On the contrary, The Philosopher says (Ethic. ii, 7; iii,
9) that fortitude is about fear and daring.
I answer that, As stated above (Article 1), it belongs to the
virtue of fortitude to remove any obstacle that withdraws the will from
following the reason. Now to be withdrawn from something difficult
belongs to the notion of fear, which denotes withdrawal from an evil
that entails difficulty, as stated above (FS, Question 42,
Articles 3,5) in the treatise on passions. Hence fortitude is
chiefly about fear of difficult things, which can withdraw the will
from following the reason. And it behooves one not only firmly to bear
the assault of these difficulties by restraining fear, but also
moderately to withstand them, when, to wit, it is necessary to dispel
them altogether in order to free oneself therefrom for the future,
which seems to come under the notion of daring. Therefore fortitude is
about fear and daring, as curbing fear and moderating daring.

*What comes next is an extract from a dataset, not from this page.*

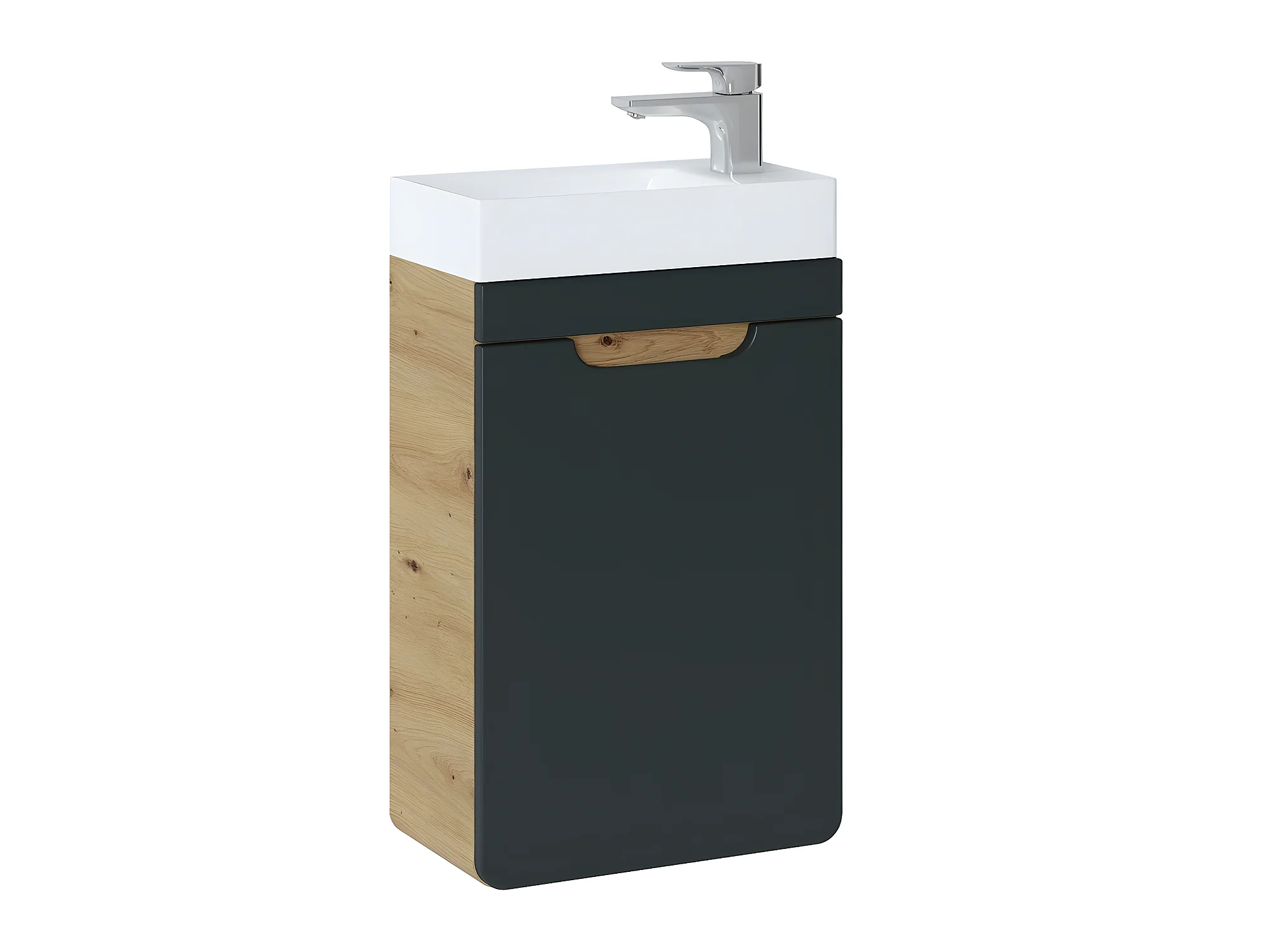 Meuble sous lavabo de salle de bain - Chêne artisanal doré et noir mat - L40-H60-P22 - ARRIBA
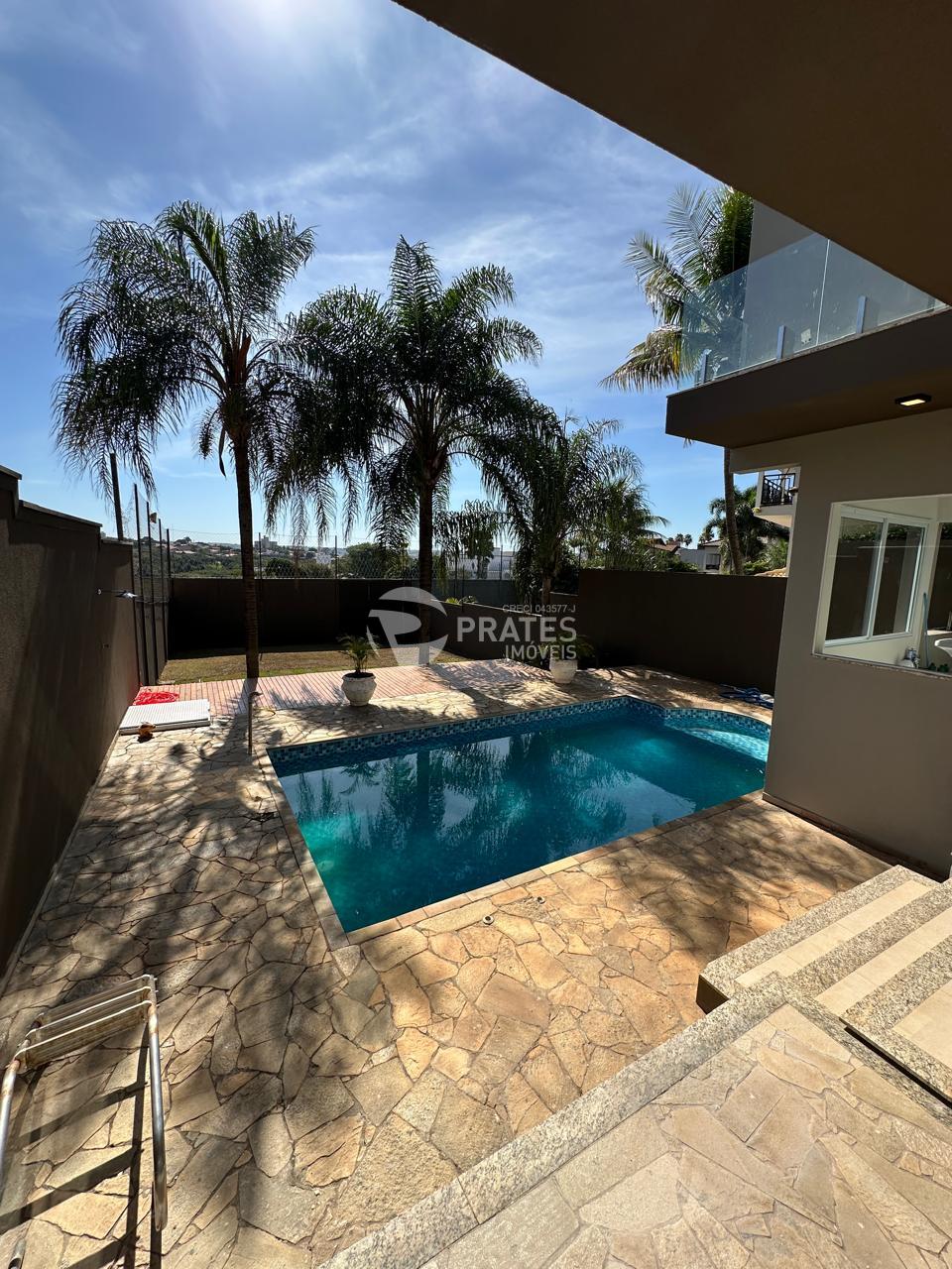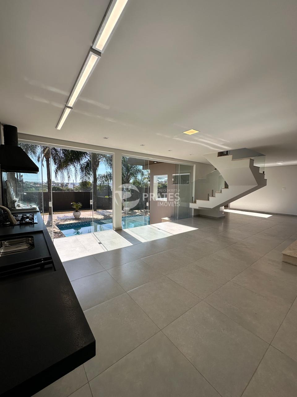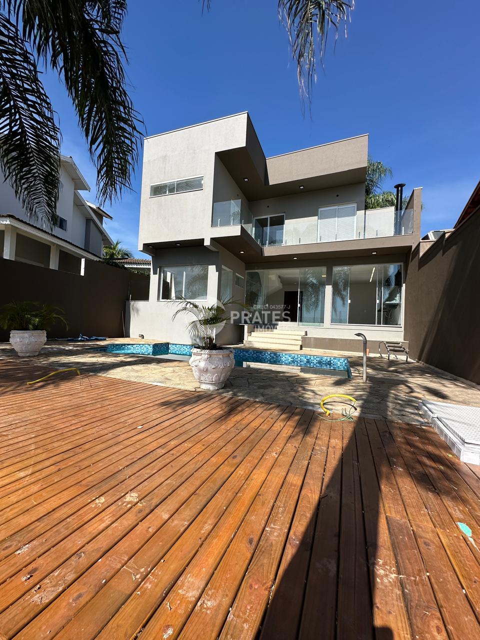 Pavimento térreo; cozinha gourmet com churrasqueira, sala, piscina com deck em madeira, área de serviço, banheiro social, jardim

Reply to Objection 1: Gregory is speaking then of the fortitude of
the just man, as to its common relation to all virtues. Hence he
first of all mentions matters pertaining to temperance, as in the words
quoted, and then adds that which pertains properly to fortitude as a
special virtue, by saying: "To love the trials of this life for the
sake of an eternal reward."
Reply to Objection 2: Dangers and toils do not withdraw the will
from the course of reason, except in so far as they are an object of
fear. Hence fortitude needs to be immediately about fear and daring,
but mediately about dangers and toils, these being the objects of those
passions.
Reply to Objection 3: Hope is opposed to fear on the part of the
object, for hope is of good, fear of evil: whereas daring is about
the same object, and is opposed to fear by way of approach and
withdrawal, as stated above (FS, Question 45, Article 1).
And since fortitude properly regards those temporal evils that withdraw
one from virtue, as appears from Tully's definition quoted in the
Second Objection, it follows that fortitude properly is about fear
and daring and not about hope, except in so far as it is connected with
daring, as stated above (FS, Question 45, Article 2).